From the coefficient table above, we can also see that the Intercept term is highly likely not correlated with the crime response, and also it has a very small value as well, meaning that it has little influence. Besides PC3 and PC4, the rest 3 PCs are all significant. PC1 and PC2 have the same amount of opposite influence to the response, and PC5 has the highest influence of all.

I use this regression model to predict the final crime value for the given input. Since the 2nd cv trial has the best fit, I extract the coefficient from the 2nd cv trial.

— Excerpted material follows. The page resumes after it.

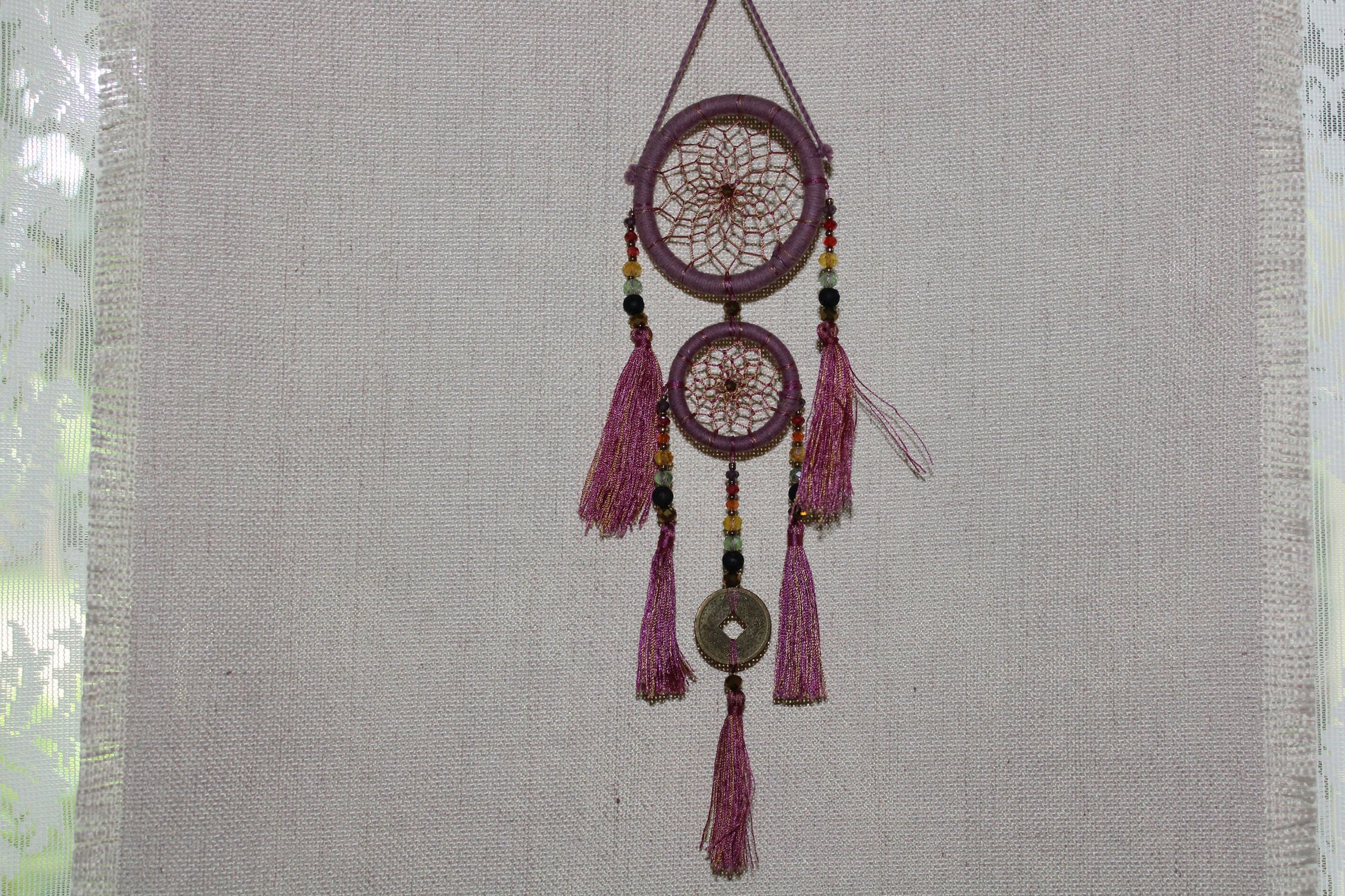 This Purple (metal ring) Dreamcatcher has multi coloured faceted beads, Chinese coins and purple tassels.

#There is a model that has the highest r square, which is the 3rd one

lmcoeff = coefficientdf[7:12,1]

input = c(
  M = 14.0,
  So = 0,
  Ed = 10.0,
  Po1 = 12.0,
  Po2 = 15.5,
  LF = 0.640,
  M.F = 94.0,
  Pop = 150,
  NW = 1.1,
  U1 = 0.120,
  U2 = 3.6,
  Wealth = 3200,
  Ineq = 20.1,
  Prob = 0.04,
  Time = 39.0)

finalpred = 0
colsum = 0

for (i in 1:5){
  for (j in 1:15){
    a = lmcoeff[i+1]* loadings[j,i] * (input[j] - columnmeans[j])/columnsd[j]
    colsum = colsum + a
  }
  finalpred = finalpred + colsum
}

finalpred = finalpred + lmcoeff[1]

finalpredict = finalpred*columnsd[16] + columnmeans[16]

finalpredict

##      PC1 
## 2156.721

Troubleshoot Linear Regression

As shown above, the final prediction for crime is 2574, which is way beyond our original data range. Considering that the linear regression with 5 PCs do not perform very well, with 2 PCs being very insignificant, I decided to remove the 2 PCs and do a new linear regression to fit the data.

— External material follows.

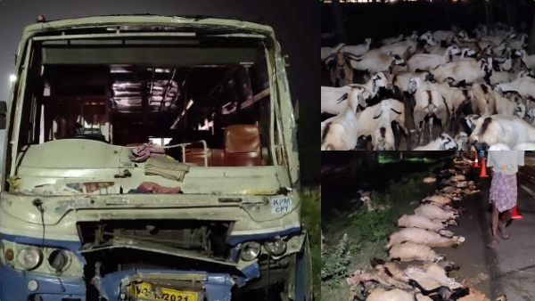 அதிகாலையில் பதற வைத்த கோர சம்பவம்.. தேசிய நெடுஞ்சாலையில் பேருந்து மோதி உரிமையாளர், 100 ஆடுகள் பலி!
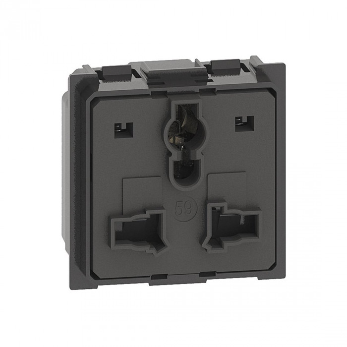 Электрическая розетка универсальная "МУЛЬТИСТАНДАРТ" - европейского / британского / индийского стандарта, с заземляющим контактом и защитными шторками, чёрного цвета - 2 модуля.

I have to also repeat the cv process again to make sure to find a best trial within the 5 trials.

mselist2 = c()
coefficientdf2 =  matrix(,nrow = 0, ncol = 4)
rsqlist2 = c()

for (i in 1:5){
  
  test_sample <- cv_full_data[samples[[i]],]  
  
  train_sample <- cv_full_data[-samples[[i]],] 
  
  lrmodel = lm( V6 ~ PC1 + PC2 + PC5,
                data = train_sample)
  
  p = predict(lrmodel, test_sample)
  
  mse = mean((test_sample$V6 - p)^2)
  
  mselist = c(mselist, mse)
  
  coefficients = summary(lrmodel)$coefficients
  
  coefficientdf2 = rbind(coefficientdf2, coefficients)
  
  rsqlist2 = c(rsqlist, summary(lrmodel)$r.squared)
}


lmcoeff2 = coefficientdf2[5:8,1]


knitr::kable(coefficientdf2)

	Estimate	Std. Error	t value	Pr(>\|t\|)
(Intercept)	-0.0053310	0.1322794	-0.0403013	0.9680819
PC1	0.1915169	0.0540282	3.5447604	0.0011382
PC2	-0.2209979	0.0763490	-2.8945757	0.0064971
PC5	0.2125099	0.1462619	1.4529407	0.1551478
(Intercept)	-0.0144060	0.1141162	-0.1262399	0.9003319
PC1	0.1759272	0.0435363	4.0409336	0.0003121
PC2	-0.2502902	0.0665351	-3.7617785	0.0006805
PC5	0.1490230	0.1087104	1.3708262	0.1799681
(Intercept)	-0.0306512	0.1291058	-0.2374113	0.8137625
PC1	0.2010474	0.0537406	3.7410704	0.0006756
PC2	-0.2532496	0.0741899	-3.4135307	0.0016737
PC5	0.0921799	0.1148911	0.8023238	0.4279384
(Intercept)	0.0894205	0.1285137	0.6958054	0.4912798
PC1	0.2323975	0.0510999	4.5479061	0.0000657
PC2	-0.2661636	0.0798236	-3.3343988	0.0020745
PC5	0.1016820	0.1175452	0.8650466	0.3930759
(Intercept)	-0.0552218	0.1381241	-0.3997985	0.6918810
PC1	0.1842553	0.0594928	3.0971007	0.0039724
PC2	-0.2191160	0.0826273	-2.6518596	0.0122062
PC5	0.1295725	0.1276173	1.0153206	0.3173397

print(rsqlist2)

## [1] 0.8872666 0.8631892 0.8930504 0.9057765 0.8719073 0.3364407

Although the R squared value doesn’t improve compared to the last model, or the fitting quality doesn’t improve, it can still be shown that the coefficients are all significant, except the intercept term still. The 2nd cv trial turns out to be the best performer, so I still extract the coefficient from the trial.

Same as before, I predict the crime with this new regression model

finalpred = 0
colsum = 0

for (i in 1:3){
  for (j in 1:15){
    a = lmcoeff2[i+1]* loadings[,-c(3:4)][j,i] * (input[j] - columnmeans[j])/columnsd[j]
    colsum = colsum + a
  }
  finalpred = finalpred + colsum
}

finalpred2 = finalpred + lmcoeff2[1]

finalpredict2 = finalpred*columnsd[16] + columnmeans[16]

print(finalpredict2)

##      PC1 
## 1752.131

This time, the crime value is almost 1980. This value is still within our data range, although it is very close to the upper bound. This value is much higher than the last prediction. However, for the pca method, it proves that it’s still a valid approach to deal with high dimensional data, and return a data matrix that still retains good amount of information for doing linear regression.